La Serbie est sous le choc après l’effondrement meurtrier d’un pan de la gare de Novi Sad le 1er novembre dernier, qui a coûté la vie à 14 personnes dont plusieurs enfants. Cette tragédie a ravivé la colère d’une partie de la population, lasse de la corruption et du népotisme qui gangrènent la classe politique du pays depuis des années.
Des manifestations pour réclamer des comptes
Dès le lendemain du drame, des milliers de Serbes sont descendus dans les rues de Novi Sad et d’autres villes du pays pour exiger des démissions au plus haut niveau de l’État. Mardi soir, ils étaient environ 20 000 rassemblés devant la gare où s’est produit l’accident, scandant des slogans hostiles au gouvernement :
Que la Serbie s’arrête pour que l’enquête puisse avancer
Combien d’autres enfants morts ?
Prison ! Prison !
Sous la pression de la rue, le ministre de la Construction Goran Vesic a fini par remettre sa démission quelques heures avant le grand rassemblement de Novi Sad. Mais les manifestants réclament d’autres têtes, à commencer par celle du Premier ministre Milos Vucevic, lui-même ancien maire de la ville.
Un pays miné par la corruption
Au-delà de l’émotion suscitée par cette tragédie, l’effondrement de la gare met en lumière les dérives d’un système politique miné par les malversations. Depuis plus de 10 ans, le parti du président Aleksandar Vucic, le SNS (droite nationaliste), règne sans partage sur le pays. Un règne marqué par la multiplication des grands projets d’infrastructures, souvent confiés à des entreprises étrangères dans des conditions opaques.
Sécurité et prospérité : telles étaient les promesses d’Aleksandar Vucic lorsqu’il a pris les rênes du gouvernement en 2012, après les guerres qui ont ravagé les Balkans dans les années 1990. Une prospérité bâtie sur une “Serbie des grues”, pour reprendre une expression de celui qui est aujourd’hui président. Mais derrière les échafaudages et les rubans coupés, les soupçons de corruption et de copinage se multiplient.

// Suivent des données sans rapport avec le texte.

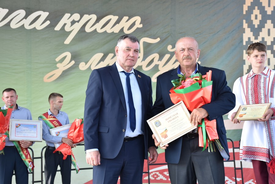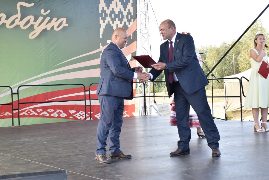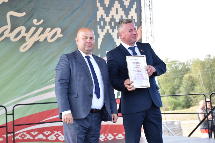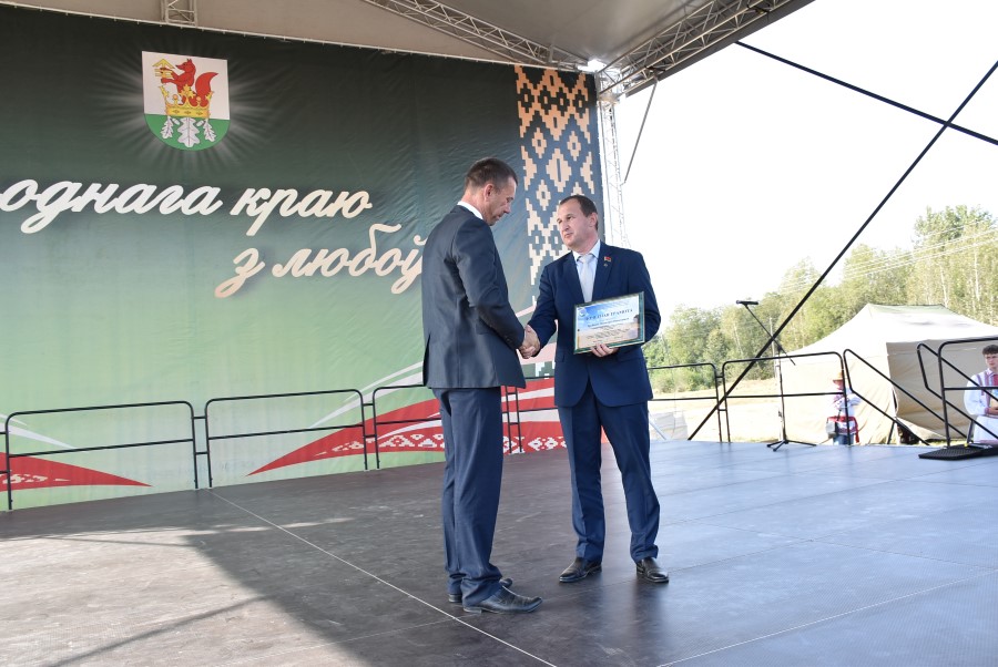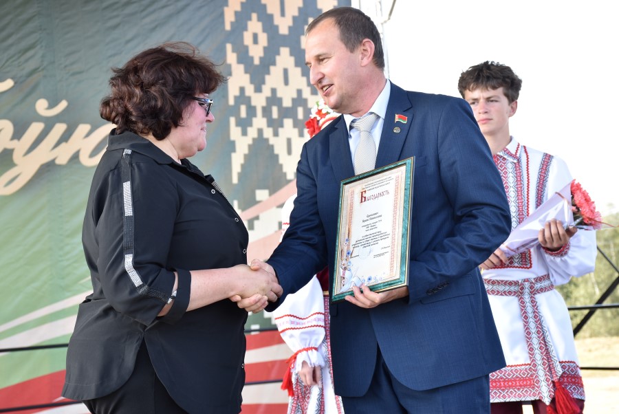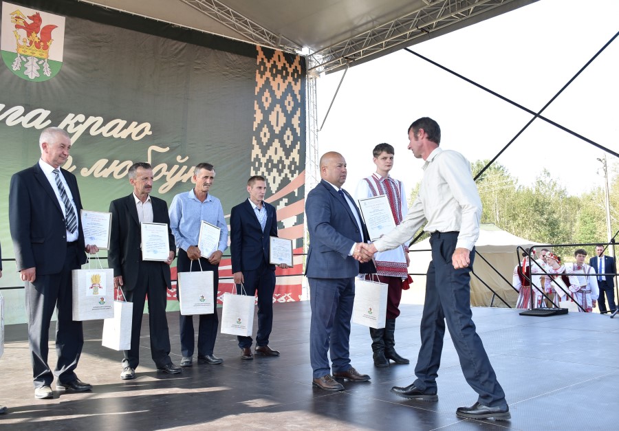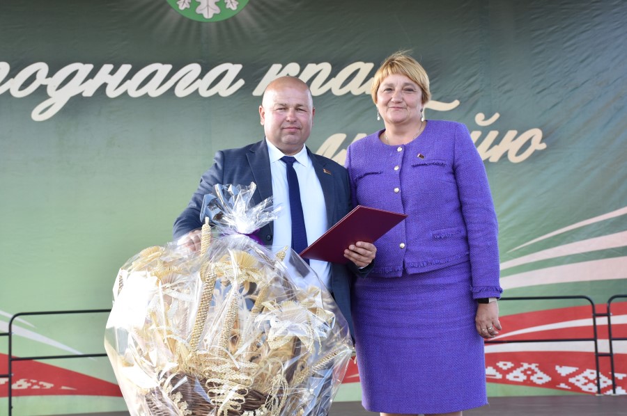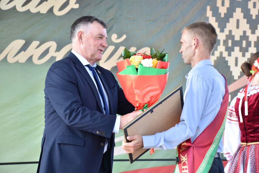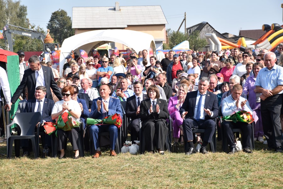 Уважаемые аграрии, коллективы и руководители организаций, все, кто внес свой вклад в нашу хлебную победу. Спасибо вам за ваш труд, который является основой экономики нашего региона, залогом его развития и процветания. От всей души делаю вам и вашим семьям крепкого здоровья, мира, добра, новых трудовых побед, богатых урожаев и роста благополучия. Слова благодарности и глубокой признательности выражаю всем, кто оказал помощь и содействие в благоустройстве населенного пункта в подготовке к мероприятию. Мы ставили задачу не только организовать яркий праздник для тружеников села, но и благоустроить место его проведения. Заасфальтированы и отремонтированы улицы и дороги, проведена замена и установка заборов, восстановлено уличное освещение сделано и многое другое. На результат работали организации дорожной сферы, жилищно-коммунальной, лесной, мелиорации, энергетики, сельские Советы и население. Вот так, сплотившись, все вместе, в Год благоустройства, мы улучшаем качество жизни наших жителей. Огромное спасибо предприятиям, оказавшим содействие в чествовании наших хлеборобов. Это Минский мотовелозавод, Минский автомобильный завод, общества с ограниченной ответственностью «Электросила» и «Магия стройки». Особые слова благодарности за многолетнее плодотворное сотрудничество ООО «Ома» и лично генеральному директору Игорю Евгеньевичу Адаменко. Мы высоко ценим не только финансовый вклад в организацию проведения праздника, неоднократную спонсорскую поддержку на развитие района, но и конструктивное партнерство по многим направлениям. Рассчитываем на дальнейшее крепкое сотрудничество и совместные достижения.

Des doutes sur la sécurité des ouvrages
L’enquête devra déterminer les causes exactes de l’effondrement à Novi Sad. Les regards se tournent notamment vers les travaux de rénovation récemment menés sur le bâtiment datant des années 1960, et en partie réalisés par un consortium chinois. Le contrat, non public, soulève des interrogations.
Au-delà de la gare, c’est la sécurité de nombreux ouvrages publics qui est remise en question dans un pays classé 104e sur 180 par l’ONG Transparency International. Autoroutes, gares routières, quartiers flambant neufs : les constructions se multiplient, le plus souvent sans réelle transparence ni contrôle indépendant.
Quand le pan d’un bâtiment vieux de 50 ans s’effondre juste après des travaux de rénovation, se poser des questions sur la sécurité de structures plus récentes, agrandies ou restaurées est une question de bon sens.
Dario Hajric, sociologue
Une enquête sous haute surveillance
Sous la pression populaire, une enquête a été ouverte pour faire la lumière sur les responsabilités dans le drame de Novi Sad. Le président Vucic a promis que “quiconque a commis une erreur sera poursuivi”. Mais peu de Serbes semblent croire à la volonté réelle du pouvoir d’assumer une quelconque responsabilité.
Les autorités n’ont pas besoin de la vérité, mais plutôt d’une version de la réalité dans laquelle elles ne portent aucune responsabilité.
Dario Hajric, sociologue
Alors que l’opposition dénonce un “résultat direct de la corruption”, le gouvernement serbe se retrouve sous pression. Entre appels à la transparence et exigence de justice, cette tragédie pourrait devenir le révélateur des dérives d’un système à bout de souffle. La Serbie retient son souffle, dans l’attente de réponses et d’une prise de conscience au sommet de l’État.